16世紀における「木材不足」対策としての「薪節約術」の発明―歴史上の省エネ計画?

昨年7月にベルリンで開催された第4回日独韓奨学生セミナーの報告集が刊行されました。当日の様子は、こちら。数頁足らずの短い小論ですが、ぼくにとっては初めてのドイツ語刊行物ですので、無事に刊行されて嬉しい限りです。

PDFはこちらから。ドイツ語を勉強されている皆様でご関心のある方、時間のある時にでも目を通してもらえたら嬉しいです。

「歴史上の省エネ計画?」と副題にありますが、計画停電や節電で揺れる今の日本の状況にも、ちょっとだけ関連してくるかもしれません。あるいは、原発事故後のエネルギー政策を考える上でも。
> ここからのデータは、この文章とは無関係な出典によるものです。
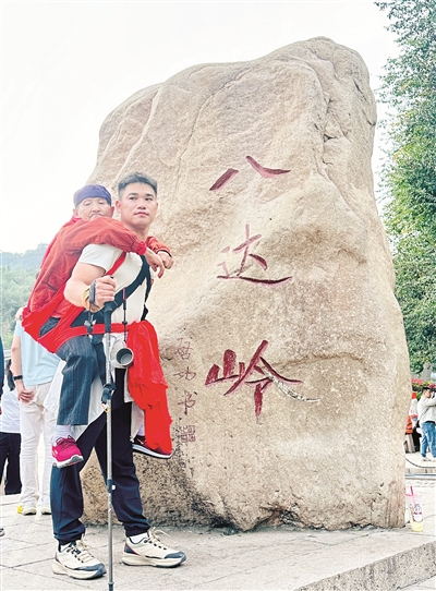 10月4日,他带着母亲前往八达岭长城。抵达八达岭寄存轮椅后,他背好体重100多斤的母亲,一路攀登、走走停停,背带上“带母亲看北京”的字样在人群中格外醒目。“上次背妈妈爬剑门关总有人问身份,这样就能减少解释,保存精力专心照顾妈妈。”他解释道。
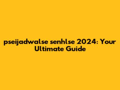 Pseijadwalse Senhlse 2024: Your Ultimate Guide
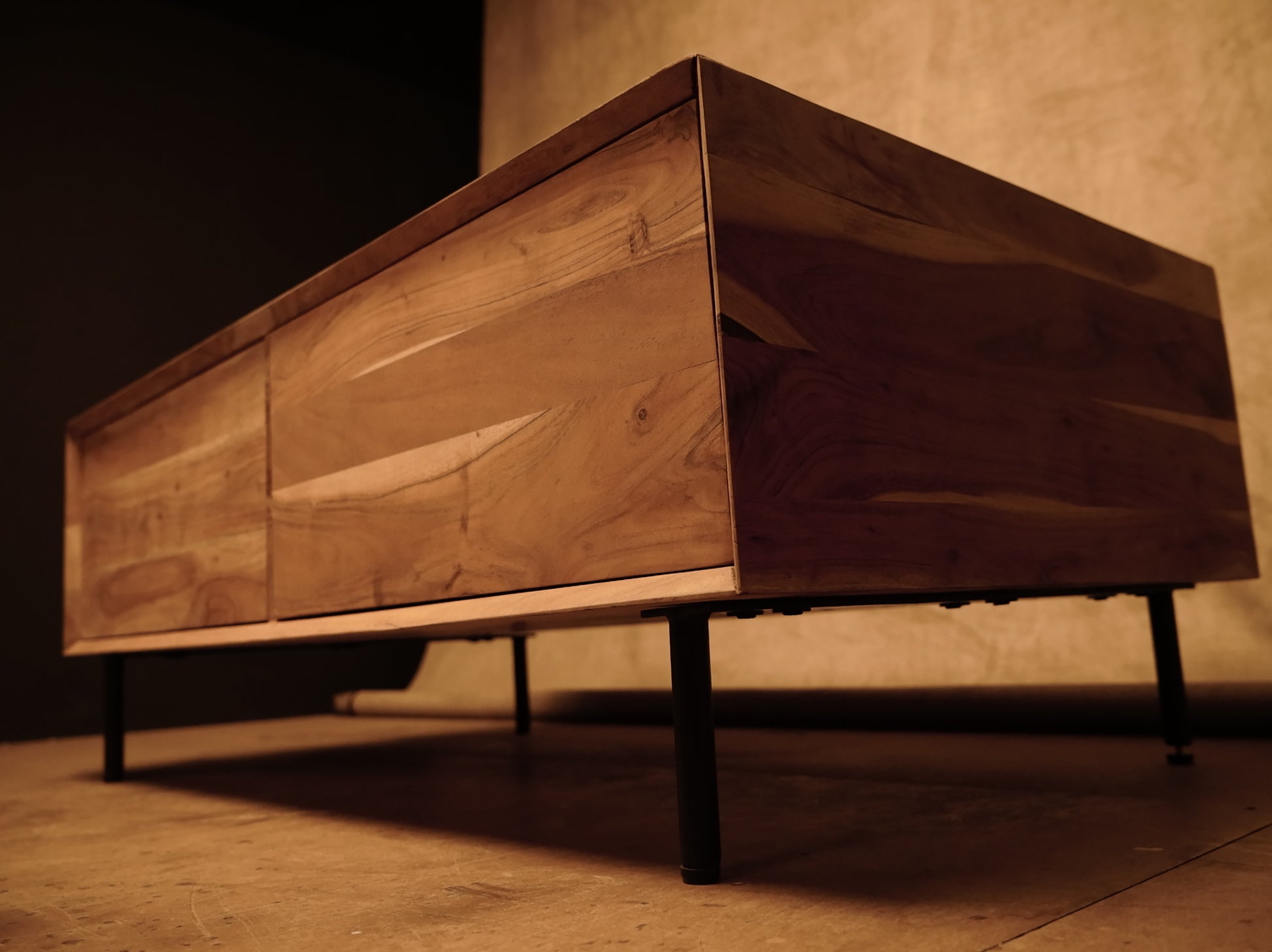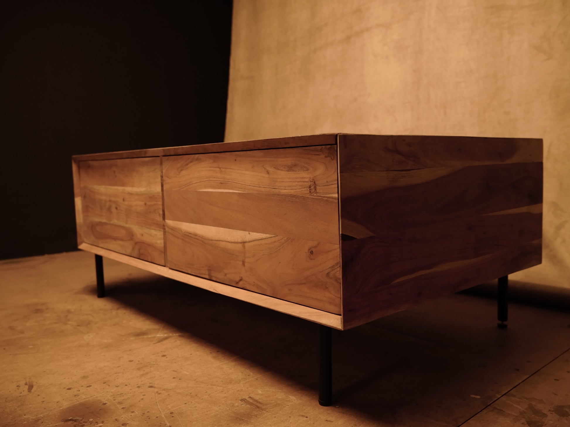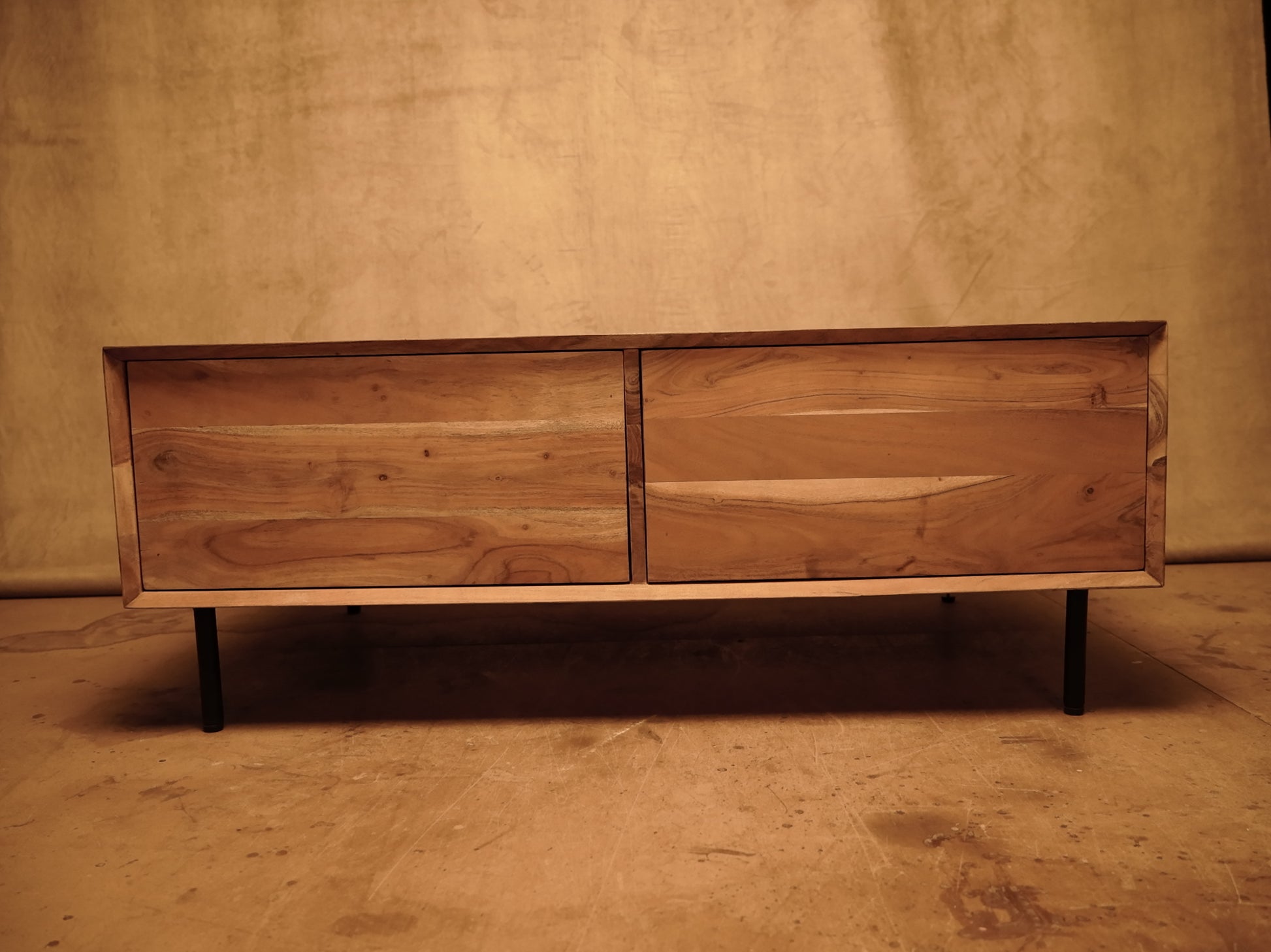 This elegant TV table, made of premium acacia wood, is a piece that combines functionality and natural beauty. The hand-sanded finish highlights the unique grains of the wood, giving it a warm and sophisticated look that fits perfectly with contemporary and rustic decor styles. Originating in India, this table is not only a practical piece of furniture, but also a piece of craftsmanship that brings a touch of authenticity and quality to any living room.

もちろん、現代の状況と簡単に比較することなどできませんが、物事を歴史的に考えてみる、そのきっかけくらいにはなるかもしれません。「こんな切迫した状況でなにを呑気な!」というご批判は当然あるかと思いますが、そういった批判に曝されることこそ、歴史研究者の仕事であるように思います。それはそうと、「限られたエネルギー資源をいかに節約して利用していくか?」という問いそのものは、近代以前のヨーロッパであれ、現代の日本であれ、人々が集団で暮らす場所では、ずっと変わらずに重要な問題であったわけです。
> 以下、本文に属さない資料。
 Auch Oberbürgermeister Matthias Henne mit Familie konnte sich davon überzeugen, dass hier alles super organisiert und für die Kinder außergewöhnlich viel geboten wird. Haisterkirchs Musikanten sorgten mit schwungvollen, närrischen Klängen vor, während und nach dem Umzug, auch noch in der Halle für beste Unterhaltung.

とはいっても実は、先立って刊行された「16世紀後半における薪節約術の発明とその社会背景」のほうが、この問題についてはより突っ込んで議論をしておりますので、ご関心のある方はそちらをご参照いただければと思います。こちらも、お読みいただけた方で、コメント・ご批判など頂ければ、これまた嬉しい限りです。今後の研究の励みにもなります。どうぞよろしくお願いします。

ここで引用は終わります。